The bitfield is only in the specification, not the code - the actual
implementation in this patch (quoted above from earlier in the thread)
uses a 32-bit field with a flag #define.

I did misunderstand the meaning of __virtio32 vs __le32 - I'll fix
that up (I think the spec definition and code for these is already
correct; the structure definition just needs to change to match).

Thanks,
-- Daniel

^ permalink raw reply

* [PATCH v9] virtio_blk: add discard and write zeroes support
From: Daniel Verkamp @ 2018-11-01 22:40 UTC (permalink / raw)
  To: virtualization, linux-block
  Cc: Jens Axboe, Michael S. Tsirkin, Christoph Hellwig,
	Stefan Hajnoczi, Paolo Bonzini, Changpeng Liu
In-Reply-To: <1528258740-6581-1-git-send-email-changpeng.liu@intel.com>

From: Changpeng Liu <changpeng.liu@intel.com>

In commit 88c85538, "virtio-blk: add discard and write zeroes features
to specification" (https://github.com/oasis-tcs/virtio-spec), the virtio
block specification has been extended to add VIRTIO_BLK_T_DISCARD and
VIRTIO_BLK_T_WRITE_ZEROES commands.  This patch enables support for
discard and write zeroes in the virtio-blk driver when the device
advertises the corresponding features, VIRTIO_BLK_F_DISCARD and
VIRTIO_BLK_F_WRITE_ZEROES.

Signed-off-by: Changpeng Liu <changpeng.liu@intel.com>
Signed-off-by: Daniel Verkamp <dverkamp@chromium.org>
---
dverkamp: I've picked up this patch and made a few minor changes (as
listed below); most notably, I changed the kmalloc back to GFP_ATOMIC,
since it can be called from a context where sleeping is not allowed.
To prevent large allocations, I've also clamped the maximum number of
discard segments to 256; this results in a 4K allocation and should be
plenty of descriptors for most use cases.

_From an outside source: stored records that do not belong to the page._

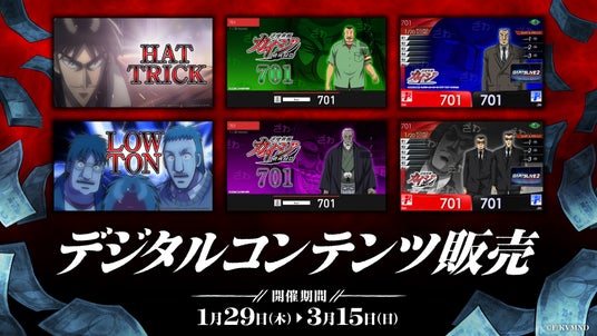 また、キャンペーン期間中は、アニメ『カイジ』をフィーチャーした多彩なデジタルコンテンツを販売。さらに、SNSキャンペーンも実施いたします。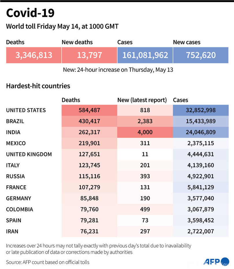 【5月15日 AFP】AFPが各国当局の発表に基づき日本時間14日午後7時にまとめた統計によると、世界の新型コロナウイルスによる死者数は334万6813人に増加した。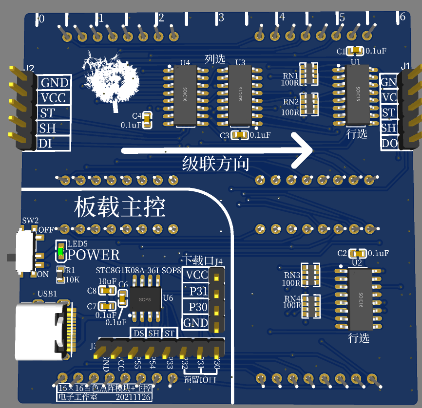 使用STC8G1K08A-SOP8单片机作为主控芯片,使用4个74HC595芯片驱动点阵,TYPE-C口进行供电,需要自备USB-TTL下载器进行程序下载。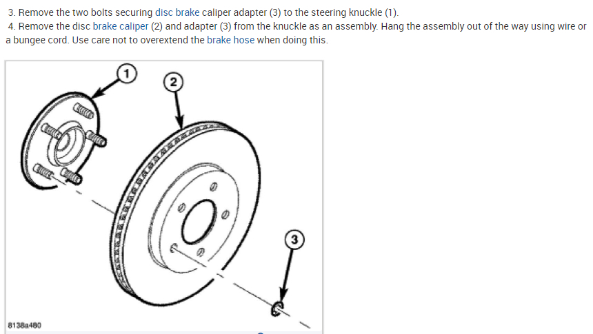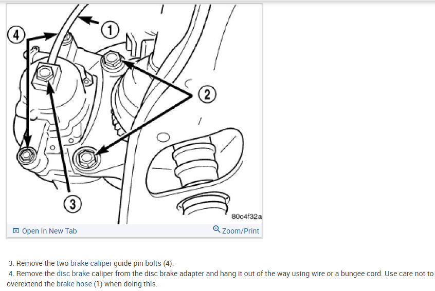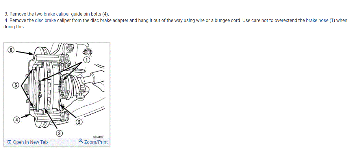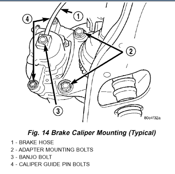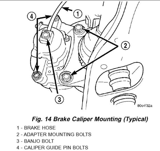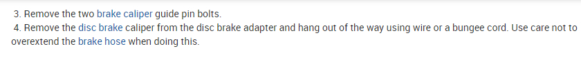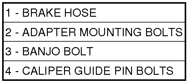 4. Remove the disc brake caliper from the disc brake adapter and hang it out of the way using wire or a bungee cord. Use care not to overextend the brake hose (1) when doing this.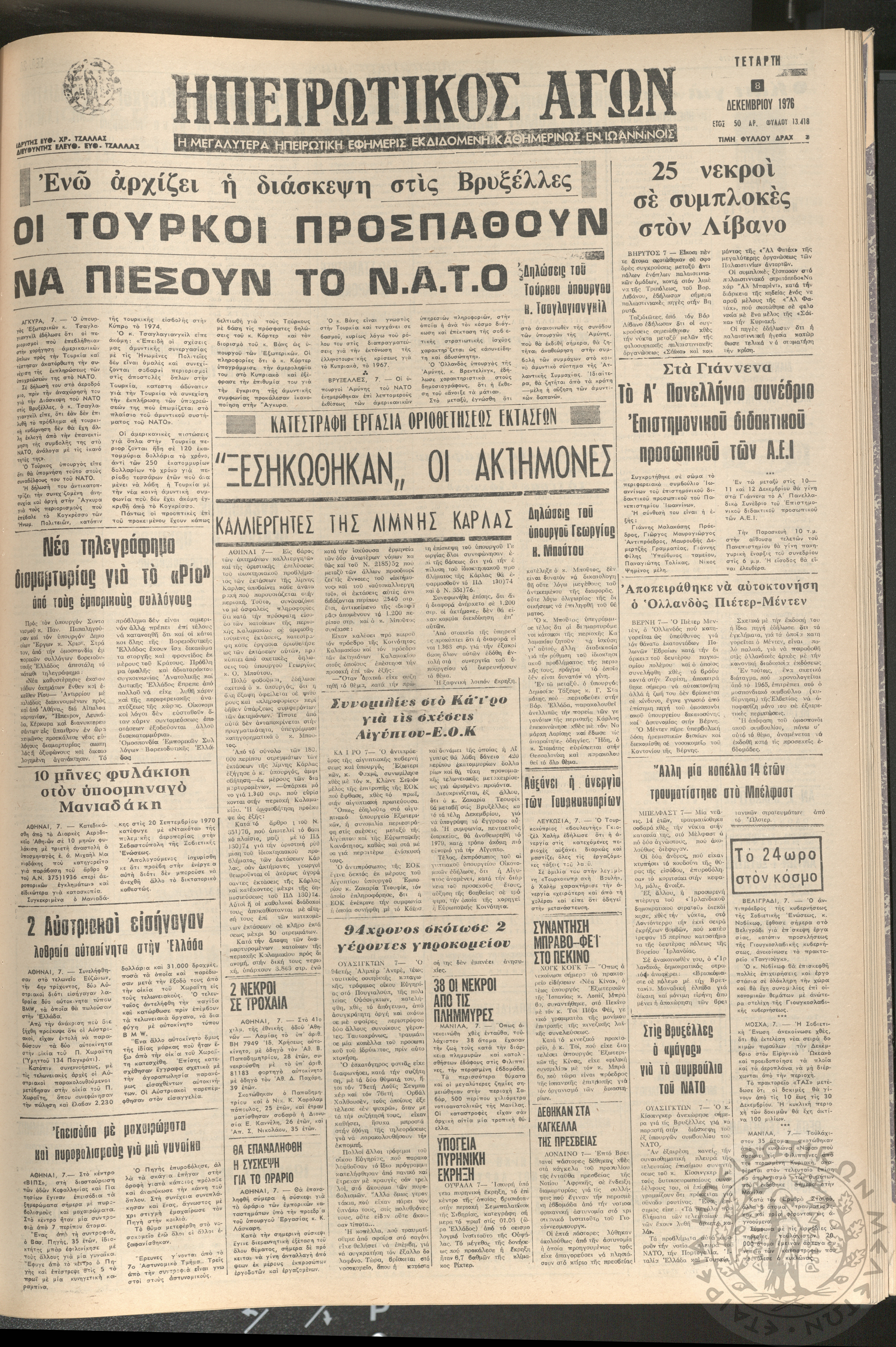 Ηπειρωτικός Αγών: η μεγαλυτέρα ηπειρωτική εφημερίς εκδιδόμενη καθημερινώς εν Ιωαννίνοις 1976 (φ. 13342)Έτος 50, φ. 13342...
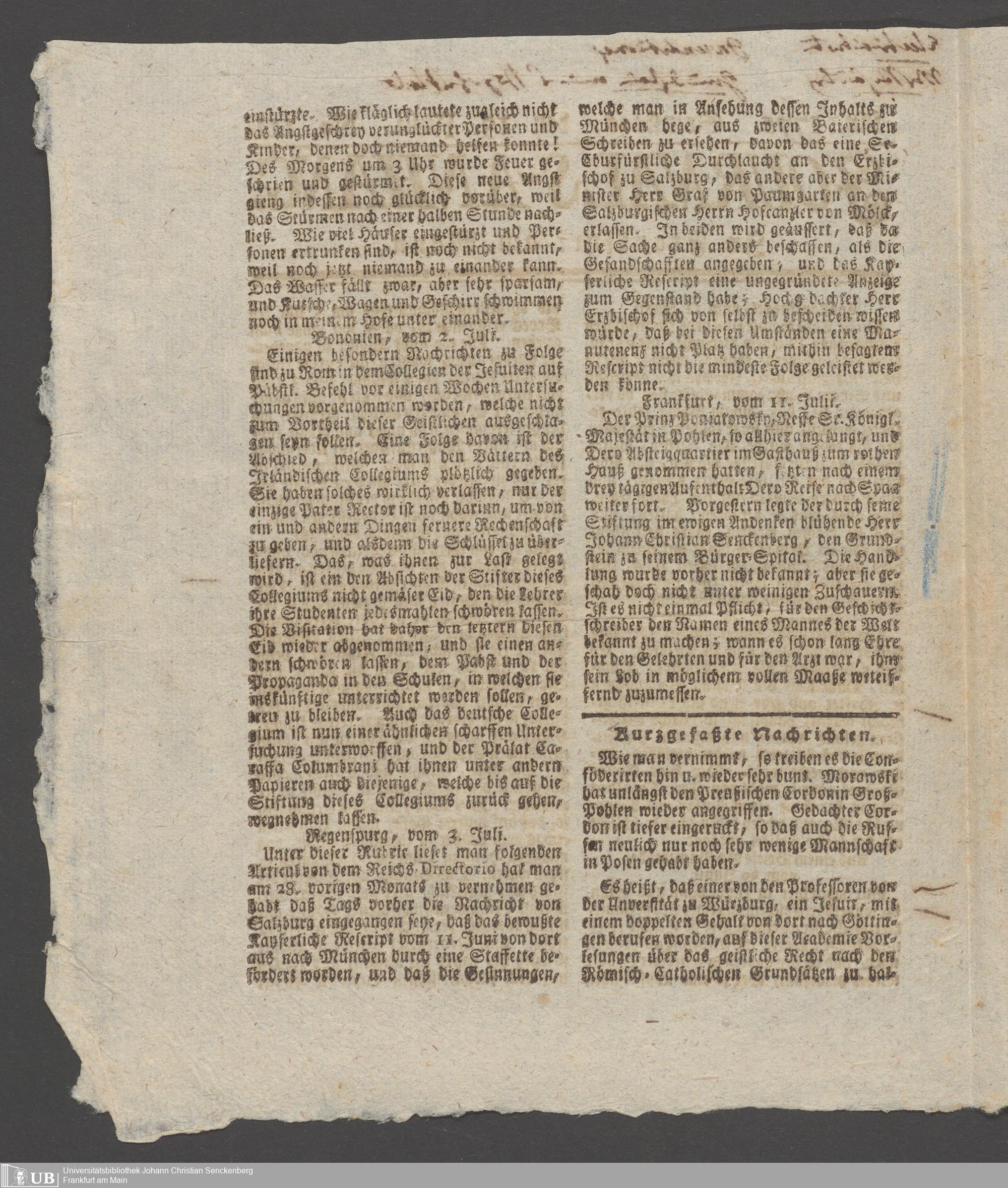Nachlass Johann Christian Senckenberg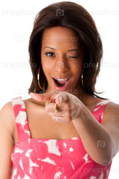 Темнокожая женщина показывает пальцем в камеру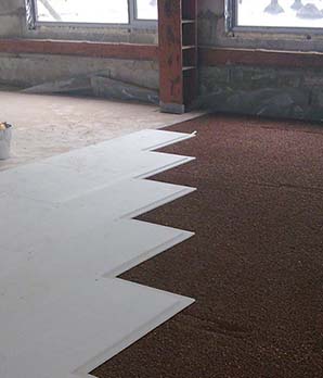 Проводим укладку сухой стяжки пола
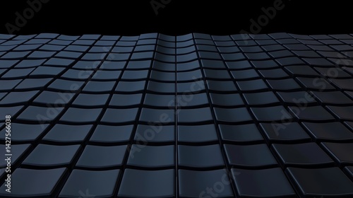 A visually striking surface of undulating black tiles, creating a dynamic and modern aesthetic against a dark background.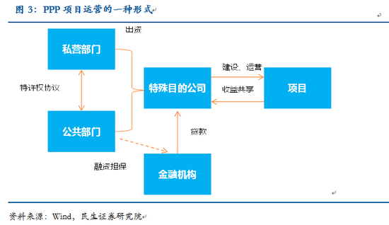 PPP模式(Public-Private-Partnership,即“公共部門-私人企業(yè)-合作”的模式)指的是公共部門通過與私人部門建立伙伴關(guān)系,共同提供公共產(chǎn)品或服務(wù),是20世紀90年代后出現(xiàn)的一種新的融資模式。 PPP模式的一個典型結(jié)構(gòu)是公共部門與中標單位組成的特殊目的公司簽訂特許合同,由特殊目的公司負責(zé)融資、建設(shè)及經(jīng)營。這種融資形式的實質(zhì)是政府通過給予私營公司長期的特許經(jīng)營權(quán)和收益權(quán)來換取基礎(chǔ)設(shè)施建設(shè),以解決政府的財政困境。

I also removed most of the description from the commit message, since it
was duplicating the comments from virtio_blk.h and quoting parts of the
spec without adding any extra information.  I have tested this iteration
of the patch using crosvm with modifications to enable the new features:
https://chromium.googlesource.com/chromiumos/platform/crosvm/

v9 fixes a number of review issues; I didn't attempt to optimize the
single-element write zeroes case, so it still does an allocation per
request (I did not see any easy place to put the payload that would
avoid the allocation).

CHANGELOG:
v9: [dverkamp] fix LE types in discard struct; cleanups from Ming Lei
v8: [dverkamp] replace shifts by 9 with SECTOR_SHIFT constant
v7: [dverkamp] use GFP_ATOMIC for allocation that may not sleep; clarify
descriptor flags field; comment wording cleanups.
v6: don't set T_OUT bit to discard and write zeroes commands.
v5: use new block layer API: blk_queue_flag_set.
v4: several optimizations based on MST's comments, remove bit field
usage for command descriptor.
v3: define the virtio-blk protocol to add discard and write zeroes
support, first version implementation based on proposed specification.
v2: add write zeroes command support.
v1: initial proposal implementation for discard command.
---
 drivers/block/virtio_blk.c      | 83 ++++++++++++++++++++++++++++++++-
 include/uapi/linux/virtio_blk.h | 54 +++++++++++++++++++++
 2 files changed, 135 insertions(+), 2 deletions(-)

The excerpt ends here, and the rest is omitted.